[Problem requirements]: Please return the full listing exactly as written, with the images removed.
──────
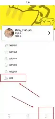 1、在约稿猫app我的里面,看到设置的选项并进入;
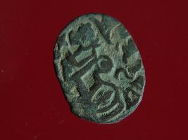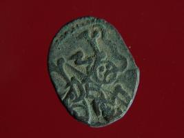 | Description / विवरण | This is a copper coin with silver coating on it. The depression on obverse side depicts a deity sitting on a horse and holding a spear in his right hand. On reverse side a bull in a sitting position. Shape is almost circular. Surface is smooth. Appearance is metallic bronze. |
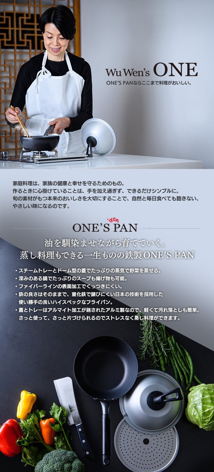 中国家庭料理研究家 ウー・ウェンの想いをカタチにした多機能フライパン。北陸アルミニウム(富山県高岡)と試行錯誤を重ね「蒸炒鍋」として誕生したのが2007年。そしてこの度、素材も新たに「ONE'S PAN蒸炒鍋」が完成しました。
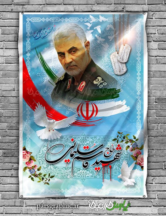 در طرح بنر لایه باز ترحیم از تصویر کبوتر و پرچم ایران و تصویر سردار شهید سلیمانی استفاده شده است .
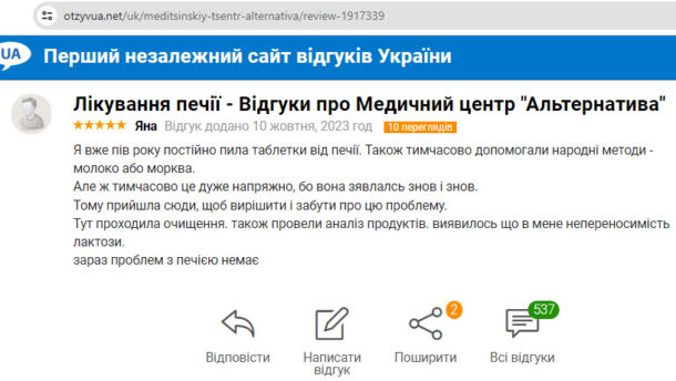 Я уже полгода постоянно пила таблетки от изжоги.Также временно помогали народные методы — молоко или морковь.Но временно это очень напряжно, потому что она появлялась снова и снова.Поэтому пришла сюда, чтобы решить и забыть об этой проблеме.Здесь проходила очищение. Также провели анализ продуктов. Оказалось что у меня непереносимость лактозы.Сейчас проблем с изжогой нет.
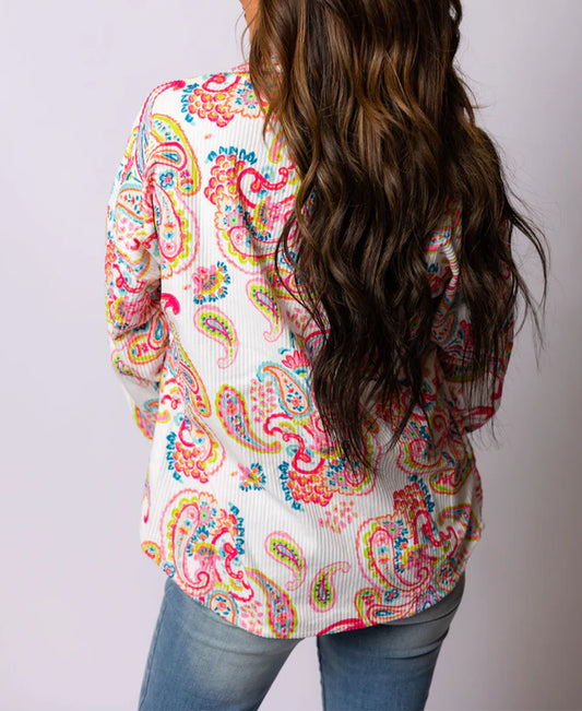 Paisley Pattern Print Buttoned Corduroy Shacket
──────
[Exercise response]:
 1、在约稿猫app我的里面,看到设置的选项并进入;
 | Description / विवरण | This is a copper coin with silver coating on it. The depression on obverse side depicts a deity sitting on a horse and holding a spear in his right hand. On reverse side a bull in a sitting position. Shape is almost circular. Surface is smooth. Appearance is metallic bronze. |
 中国家庭料理研究家 ウー・ウェンの想いをカタチにした多機能フライパン。北陸アルミニウム(富山県高岡)と試行錯誤を重ね「蒸炒鍋」として誕生したのが2007年。そしてこの度、素材も新たに「ONE'S PAN蒸炒鍋」が完成しました。
 در طرح بنر لایه باز ترحیم از تصویر کبوتر و پرچم ایران و تصویر سردار شهید سلیمانی استفاده شده است .
 Я уже полгода постоянно пила таблетки от изжоги.Также временно помогали народные методы — молоко или морковь.Но временно это очень напряжно, потому что она появлялась снова и снова.Поэтому пришла сюда, чтобы решить и забыть об этой проблеме.Здесь проходила очищение. Также провели анализ продуктов. Оказалось что у меня непереносимость лактозы.Сейчас проблем с изжогой нет.
 Paisley Pattern Print Buttoned Corduroy Shacket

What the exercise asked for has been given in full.